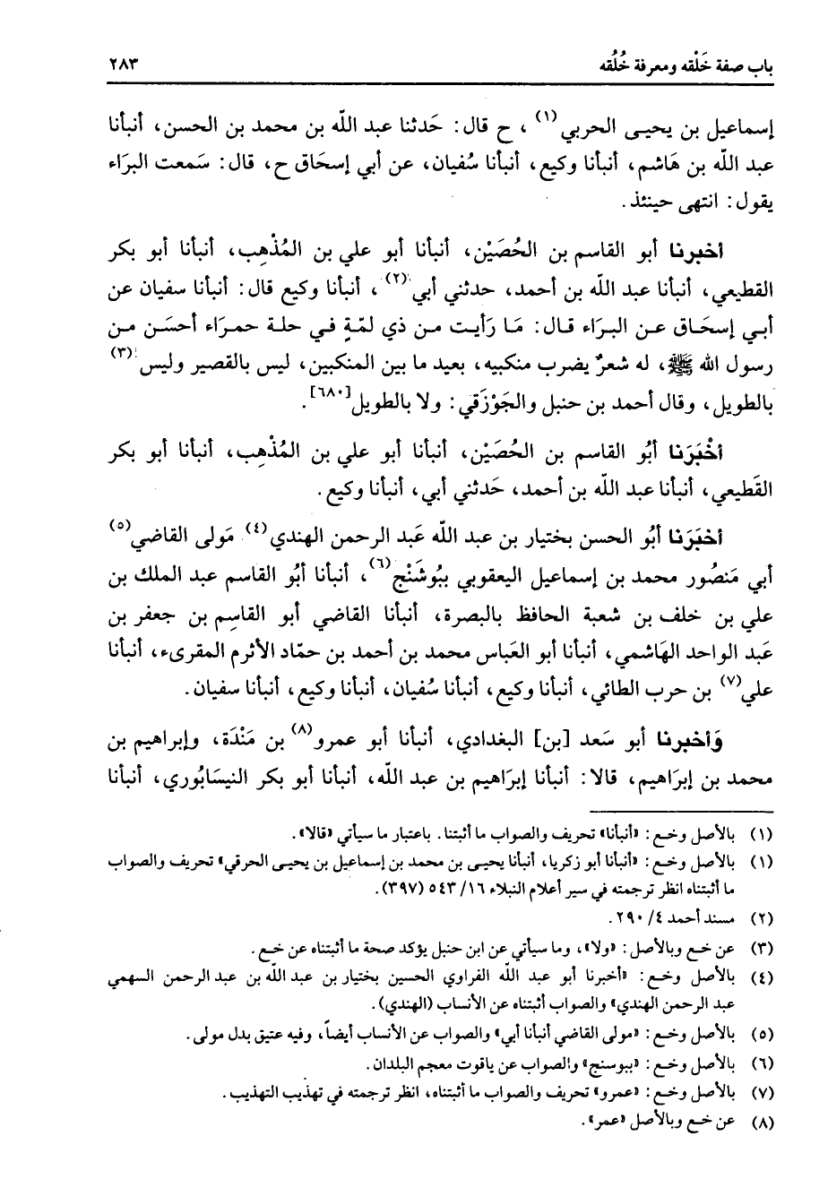 إسماعيل بن يحيى الحربي (1) ح قال حدثنا عبد الله بن محمد بن الحسن أنبأنا عبد الله بن هاشم أنبأنا وكيع أنبأنا سفيان عن أبي إسحاق ج قال سمعت البراء يقول انتهى حينئذ أخبرنا أبو القاسم بن الحصين أنبأنا أبو علي بن المذهب أنبأنا أبو بكر القطيعي أنبأنا عبد الله بن أحمد حدثني أبي (2) أنبأنا وكيع قال أنبأنا سفيان عن أبي إسحاق عن البراء قال ما رأيت من ذي لمة في حلة حمراء أحسن من رسول الله (صلى الله عليه وسلم) له شعر يضرب منكبيه بعيد ما بين المنكبين ليس بالقصير وليس (3) بالطويل وقال أحمد بن حنبل والجوزقي ولا بالطويل
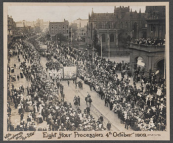 Der Sozialstaat hat am Ende des 19. und zu Beginn des 20. Jahrhunderts zunächst eine eher langsame und unstete Entwicklung genommen. Sie war gepräget sowohl von Fortschritten als auch von Widerständen, etwa vom Kampf gegen Armut und Elend, verursacht durch den Ersten Weltkrieg oder durch die Wirtschaftskrise der Zwischenkriegszeit, aber auch von der Stärkung der Linksparteien (insbesondere infolge der Einführung der Proporzwahl). (Foto: Australische Arbeiterbewegung)
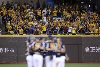 中華職棒中信兄弟隊16日繼續作客台北大巨蛋交手味全龍隊,終場兄弟以2比0奪勝,場邊兄弟球迷開心歡呼,為選手應援打氣。
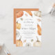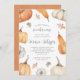 Las encantadoras invitaciones a la ducha de bebé caen con un borde de calabazas acuáticas mudas y hojas de otoño, con los detalles de la ducha de bebé con letras grises. "Hay una calabaza en camino" aparece arriba. Perfecto para las duchas infantiles de otoño o de Halloween.
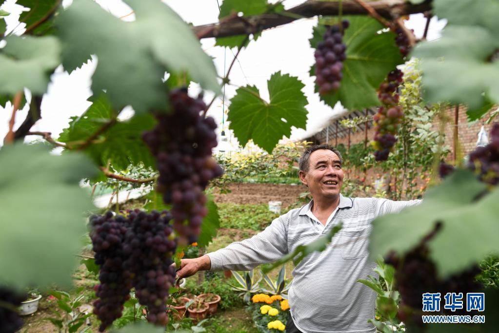 8月5日,魏金明在玉樹(shù)市結(jié)古鎮(zhèn)新寨村的蔬菜基地整理葡萄架。新華社記者 吳剛 攝
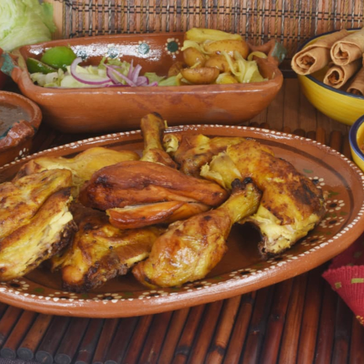 Pollo grande con papas cambray, cebolla, chile, salsa, ensalada y tortillas
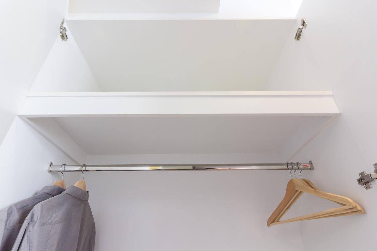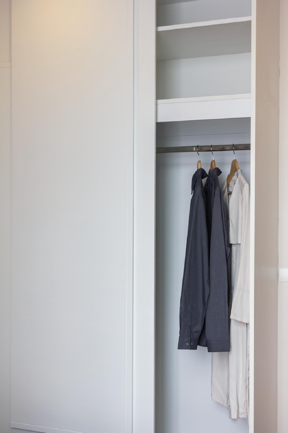 ตู้เสื้อผ้าเป็นแบบ Built in แบบ 2 บานโดยแบ่งเป็นแบบราวแขวนและลิ้นชัก
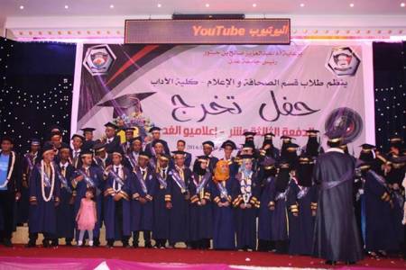 نظم طلاب قسم الصحافة والاعلام بكلية الآداب جامعة عدن أمس بقاعة سبأ بمديرية خور مكسر حفل تخرج الدفعة (13) دفعة (إعلاميو الغد) لطلاب قسم الصحافة والإعلام المتخرجين من الكلية للعام الجامعي 2013/2014م والبالغ عددهم (80) طالباً وطالبة في تخصصات الصحافة والإذاعة والتلفزيون والعلاقات العامة.
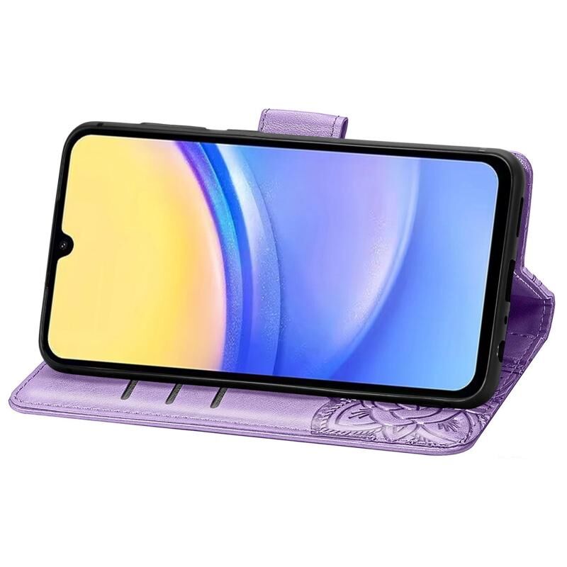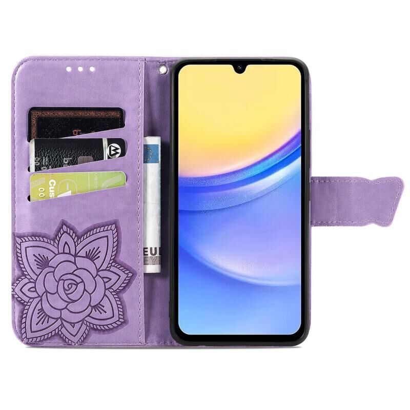 Θήκη τηλεφώνου Samsung Galaxy A15 με ανάγλυφο σχέδιο πεταλούδας και λουλουδιών από δέρμα (Λεβάντα)
- - -
**Aim of the task:**
Reproduce exactly the lines above that run from the one with "8月5日,魏金明在玉樹(shù)市結(jié)古鎮(zhèn)新寨村的蔬菜基地整理葡萄架。新華社記者 吳剛 攝" to the one with "نظم طلاب قسم", both included, leaving pictures out.

**Problem solution:**
 8月5日,魏金明在玉樹(shù)市結(jié)古鎮(zhèn)新寨村的蔬菜基地整理葡萄架。新華社記者 吳剛 攝
 Pollo grande con papas cambray, cebolla, chile, salsa, ensalada y tortillas
 ตู้เสื้อผ้าเป็นแบบ Built in แบบ 2 บานโดยแบ่งเป็นแบบราวแขวนและลิ้นชัก
 نظم طلاب قسم الصحافة والاعلام بكلية الآداب جامعة عدن أمس بقاعة سبأ بمديرية خور مكسر حفل تخرج الدفعة (13) دفعة (إعلاميو الغد) لطلاب قسم الصحافة والإعلام المتخرجين من الكلية للعام الجامعي 2013/2014م والبالغ عددهم (80) طالباً وطالبة في تخصصات الصحافة والإذاعة والتلفزيون والعلاقات العامة.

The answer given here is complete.